- EXERCISE DETAILS -
Set the data down exactly as it stands, and keep its pictures out.

- DATA SHOWN -

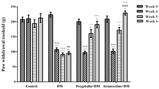 Paw withdrawal thresholds of normoglycemic rats administrated physiological saline (Control), and of diabetic rats administrated daily 10 mg/kg pregabalin (Pregabalin + DM) and daily 3 mg/kg atomoxetine (Atomoxetine + DM), in the Randall-Selitto test. Values are given as mean ± S.E.M. Within the groups: significant difference against Week 0, Week 4 and Week 5 groups are *** p < 0.001; c p < 0.001 and &&& p < 0.001, respectively. Between the groups: significant difference against Week 4 control, Week 5 control, Week 6 control, Week 5 DM and Week 6 DM groups are xxx p < 0.001; +++ p < 0.001, ééé p < 0.001, ^^^ p < 0.001 and <<< p < 0.001, respectively. Two-way repeated ANOVA, post hoc Bonferroni test, n = 8.
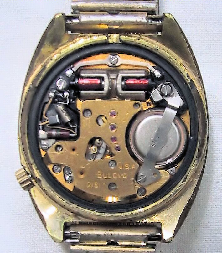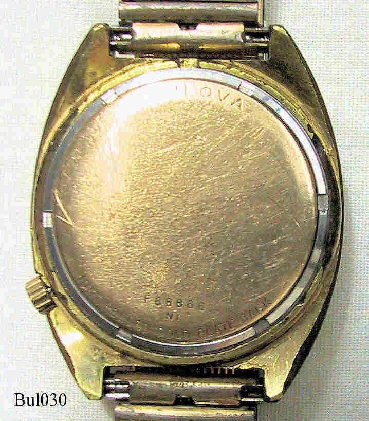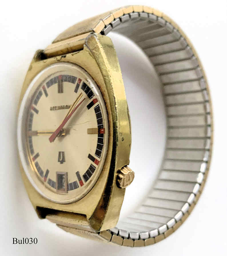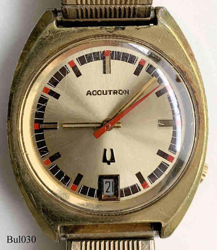 Bulova Accutron with gold plated case, signed front: “Accutron”, back: ”Bulova, 10K rolled gold plate back, F68866, N1”, inside: “USA, BULOVA, 2181”, Case # 3122, Caliber 2181, manufacturing date 1971 (N1), screw-on back, date in silver at 6, crown at 4, Speidel metal band. The case is heavily worn and the gold plating has worn off at several places.
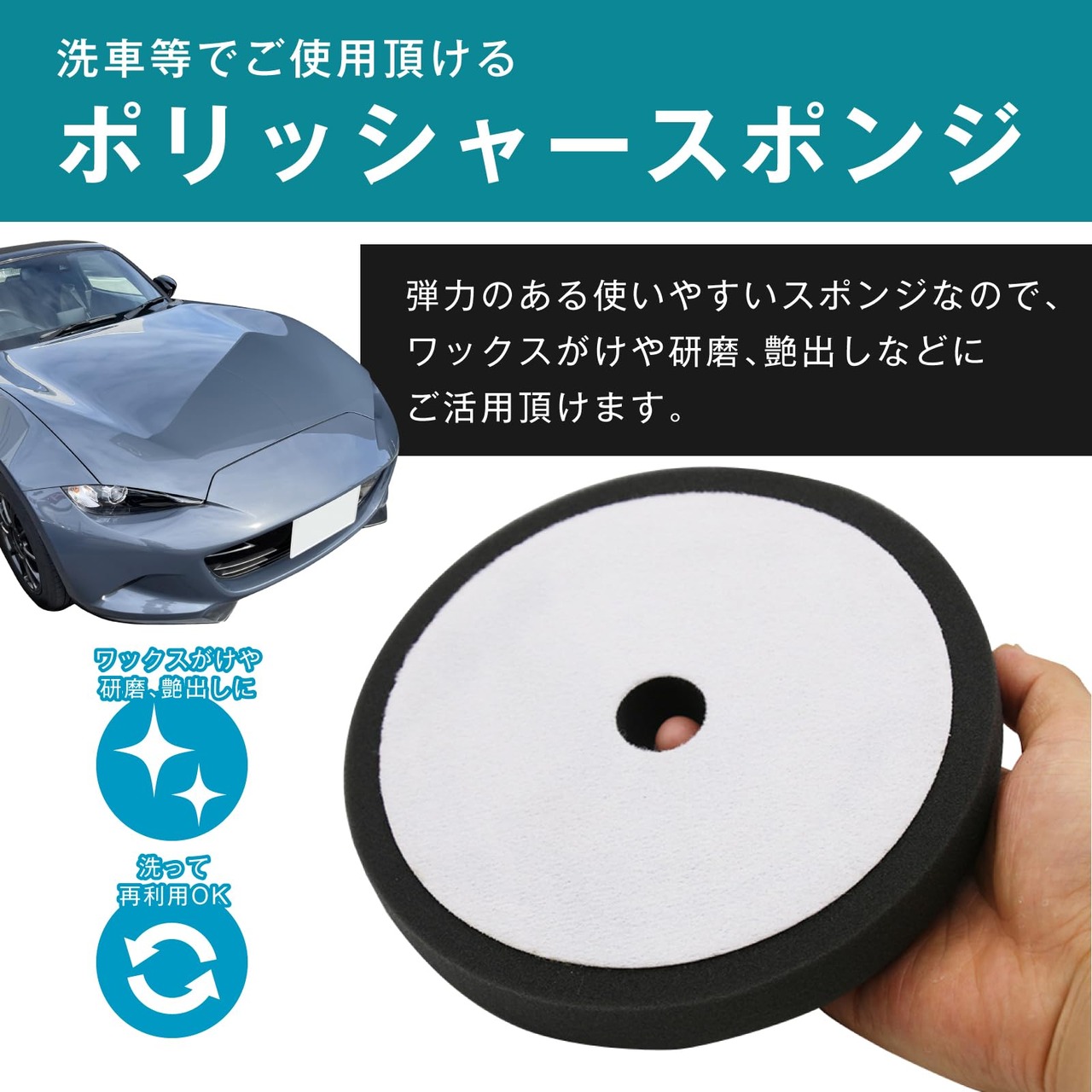 ✅洗車等でご使用頂ける、ポリッシャースポンジです。スポンジバフは柔らかく研磨力が低いことが特徴で、水垢や浅い傷などを落とす際に適しています。弾力のある使いやすいスポンジですので、ワックスがけや研磨、艶出しにご活用頂けます。
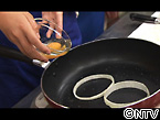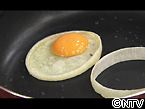 玉ねぎを厚さ1cm程度の輪切りにして 一番外側の大きな輪を外します。 先にフライパンに玉ねぎを置いて その輪の中に卵を落し入れて焼きます。

- RESPONSE TO THE EXERCISE -
 Paw withdrawal thresholds of normoglycemic rats administrated physiological saline (Control), and of diabetic rats administrated daily 10 mg/kg pregabalin (Pregabalin + DM) and daily 3 mg/kg atomoxetine (Atomoxetine + DM), in the Randall-Selitto test. Values are given as mean ± S.E.M. Within the groups: significant difference against Week 0, Week 4 and Week 5 groups are *** p < 0.001; c p < 0.001 and &&& p < 0.001, respectively. Between the groups: significant difference against Week 4 control, Week 5 control, Week 6 control, Week 5 DM and Week 6 DM groups are xxx p < 0.001; +++ p < 0.001, ééé p < 0.001, ^^^ p < 0.001 and <<< p < 0.001, respectively. Two-way repeated ANOVA, post hoc Bonferroni test, n = 8.
 Bulova Accutron with gold plated case, signed front: “Accutron”, back: ”Bulova, 10K rolled gold plate back, F68866, N1”, inside: “USA, BULOVA, 2181”, Case # 3122, Caliber 2181, manufacturing date 1971 (N1), screw-on back, date in silver at 6, crown at 4, Speidel metal band. The case is heavily worn and the gold plating has worn off at several places.
 ✅洗車等でご使用頂ける、ポリッシャースポンジです。スポンジバフは柔らかく研磨力が低いことが特徴で、水垢や浅い傷などを落とす際に適しています。弾力のある使いやすいスポンジですので、ワックスがけや研磨、艶出しにご活用頂けます。
 玉ねぎを厚さ1cm程度の輪切りにして 一番外側の大きな輪を外します。 先にフライパンに玉ねぎを置いて その輪の中に卵を落し入れて焼きます。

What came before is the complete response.